Collected material -
• • • • •

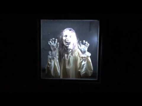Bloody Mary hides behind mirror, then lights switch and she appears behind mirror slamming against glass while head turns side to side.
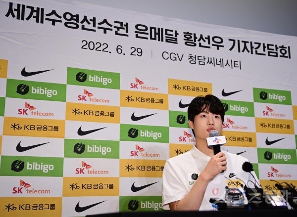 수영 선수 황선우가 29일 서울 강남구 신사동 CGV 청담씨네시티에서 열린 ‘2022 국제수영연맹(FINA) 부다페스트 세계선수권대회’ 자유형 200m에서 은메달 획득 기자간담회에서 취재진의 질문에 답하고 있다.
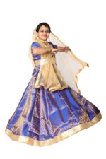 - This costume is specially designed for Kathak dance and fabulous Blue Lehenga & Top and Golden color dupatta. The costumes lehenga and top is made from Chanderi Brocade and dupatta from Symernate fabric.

• • • • •

What the exercise asks - Reproduce the whole listing above character for character; pictures do not belong in it.

Result -
Bloody Mary hides behind mirror, then lights switch and she appears behind mirror slamming against glass while head turns side to side.
 수영 선수 황선우가 29일 서울 강남구 신사동 CGV 청담씨네시티에서 열린 ‘2022 국제수영연맹(FINA) 부다페스트 세계선수권대회’ 자유형 200m에서 은메달 획득 기자간담회에서 취재진의 질문에 답하고 있다.
 - This costume is specially designed for Kathak dance and fabulous Blue Lehenga & Top and Golden color dupatta. The costumes lehenga and top is made from Chanderi Brocade and dupatta from Symernate fabric.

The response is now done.